Roma è tornata al centro dell’attenzione nazionale in una giornata segnata da tensioni crescenti e scontri tra cittadini e forze dell’ordine. Lunedì 26 maggio 2025, migliaia di persone sono scese in piazza per manifestare contro il Decreto Sicurezza, un provvedimento legislativo del governo che, secondo molti, limita le libertà civili e rafforza il controllo statale a discapito dei diritti individuali. La capitale si è così trasformata in un vero e proprio campo di battaglia simbolico, dove la protesta popolare ha incontrato la resistenza delle istituzioni.
La manifestazione, organizzata dalla rete nazionale “No Ddl Sicurezza”, è iniziata nel primo pomeriggio da Piazza Barberini. Lo scopo del corteo era quello di raggiungere Montecitorio, nel cuore del potere legislativo italiano, proprio mentre la Camera dei Deputati discuteva l’approvazione definitiva del decreto. L’atmosfera fin da subito è apparsa tesa, con un’imponente presenza di forze dell’ordine già distribuite lungo il tragitto previsto.
Le motivazioni dei manifestanti erano molteplici e riflettevano un malcontento diffuso nei confronti del governo. Tra gli slogan più scanditi si potevano udire frasi come “La democrazia non si piega”, “Stop Accordi” e “Free Palestine”, a dimostrazione di una protesta trasversale, in cui le rivendicazioni locali si intrecciavano con quelle internazionali. Non si trattava soltanto di un dissenso verso una legge specifica, ma dell’espressione di un disagio più ampio che coinvolgeva studenti, lavoratori, attivisti e semplici cittadini.
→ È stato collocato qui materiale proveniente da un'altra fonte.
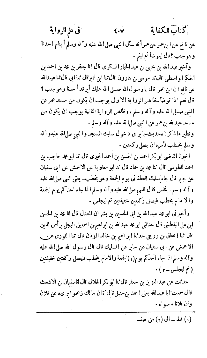 أَخْبَرَنَا عَبْدُ اللَّهِ بْنُ يَحْيَى بْنِ عَبْدِ الْجَبَّارِ السُّكَّرِيُّ، أنا جَعْفَرُ بْنُ مُحَمَّدِ بْنِ أَحْمَدَ بْنِ الْحَكَمِ الْوَاسِطِيُّ، ثنا مُوسَى بْنُ هَارُونَ، ثنا ابْنُ نُمَيْرٍ، ثنا أَبِي، ثنا عُبَيْدُ اللَّهِ , عَنْ نَافِعٍ , عَنِ ابْنِ عُمَرَ، أَنَّ عُمَرَ قَالَ: يَا رَسُولَ اللَّهِ، أَيَرْقُدُ أَحَدُنَا وَهُوَ جُنُبٌ قَالَ: §«نَعَمْ إِذَا تَوَضَّأَ» ظَاهِرُ الرِّوَايَةِ الْأُولَى يُوجِبُ أَنْ تَكُونَ مِنْ مُسْنَدِ عُمَرَ عَنِ النَّبِيِّ صَلَّى اللهُ عَلَيْهِ وَسَلَّمَ , وَالثَّانِيَةِ ظَاهِرُهَا يُوجِبُ أَنْ يَكُونَ مِنْ مُسْنَدِ عَبْدِ اللَّهِ بْنِ عُمَرَ عَنِ النَّبِيِّ صَلَّى اللهُ عَلَيْهِ وَسَلَّمَ , وَنَظِيرُ مَا ذَكَرْنَاهُ حَدِيثُ جَابِرٍ فِي دُخُولِ سُلَيْكٍ الْمَسْجِدَ وَالنَّبِيُّ صَلَّى اللهُ عَلَيْهِ وَسَلَّمَ يَخْطُبُ , فَأَمَرَهُ أَنْ يُصَلِّيَ رَكْعَتَيْنِ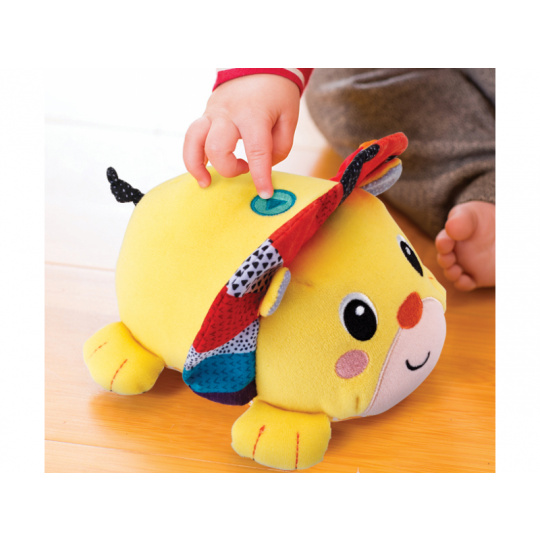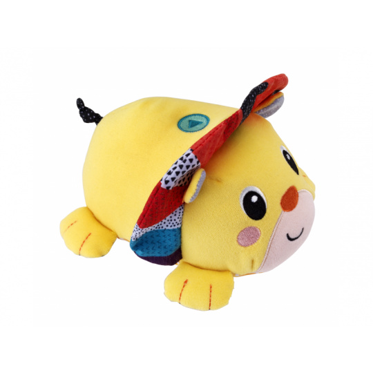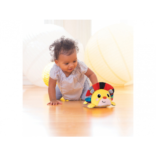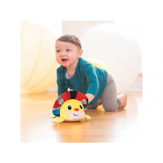 Měkká plyšová hračka v podobě lva s barevnou šusticí hřívou po zmáčknutí hraje melodii. Baterie 2xAA (LR6) 1,5V jsou součástí. Vhodné pro děti od 3 měsíců.

Tuttavia, il clima di protesta pacifica è durato poco. Giunti all’inizio di via del Tritone, i manifestanti si sono trovati davanti a un fitto cordone della polizia che impediva loro di proseguire verso il Parlamento. In quel momento si sono verificate le prime frizioni. Alcuni gruppi, con volto coperto e muniti di caschi, hanno iniziato a spingere contro gli agenti e a lanciare oggetti. Le forze dell’ordine hanno risposto con cariche e l’uso di manganelli per disperdere la folla. Numerosi video circolati sui social mostrano scene concitate: giovani strattonati, persone a terra, e grida di protesta sovrastate dal suono delle sirene.
Questo episodio ha immediatamente riacceso il dibattito pubblico sul rapporto tra sicurezza e democrazia. Molti esponenti dell’opposizione hanno duramente criticato non solo il contenuto del decreto, ma anche il modo in cui è stato portato avanti l’iter parlamentare. Il ministro dell’Interno, Matteo Piantedosi, ha posto la questione di fiducia sul decreto, suscitando le ire delle forze politiche contrarie, che hanno denunciato l’imposizione di una “doppia tagliola”: la prima ha interrotto l’esame degli emendamenti e la seconda ha impedito le dichiarazioni di voto. Una procedura definita da molti come “autoritaria” e senza precedenti nella storia della Repubblica, poiché il testo è passato alla Camera nella sua forma originaria, senza alcuna modifica.
Non sono mancate le reazioni dal mondo accademico, sindacale e associativo, che vedono nel DL Sicurezza un pericoloso precedente. Tra i punti più controversi ci sono l’inasprimento delle pene per chi partecipa a manifestazioni non autorizzate, l’aumento dei poteri di intervento delle forze dell’ordine, e la possibilità per i prefetti di limitare la libertà di assembramento. Elementi che, secondo i critici, minacciano il diritto di manifestare e ledono i principi fondamentali della Costituzione italiana.
Dall’altra parte, il governo difende il decreto come necessario per garantire ordine pubblico e sicurezza, soprattutto in un contesto internazionale segnato da tensioni geopolitiche e crescenti flussi migratori. “Non possiamo permettere che l’illegalità si travesta da libertà”, ha dichiarato Piantedosi in un’intervista, sottolineando come le recenti manifestazioni siano state strumentalizzate da frange estremiste.
Intanto, la città di Roma continua a fare i conti con le conseguenze di una giornata difficile. Numerosi cassonetti rovesciati, vetrine danneggiate e mezzi pubblici deviati sono solo alcuni dei segni lasciati dalla protesta. In serata, alcune sigle sindacali hanno annunciato nuove mobilitazioni nei prossimi giorni, chiedendo l’apertura di un tavolo di dialogo tra istituzioni e cittadini.
In definitiva, quanto accaduto nella capitale dimostra ancora una volta quanto sia fragile l’equilibrio tra sicurezza e libertà. Il DL Sicurezza, lungi dall’essere un semplice provvedimento tecnico, è diventato il simbolo di una frattura profonda nel Paese. E il confronto, nelle piazze come in Parlamento, è tutt’altro che concluso.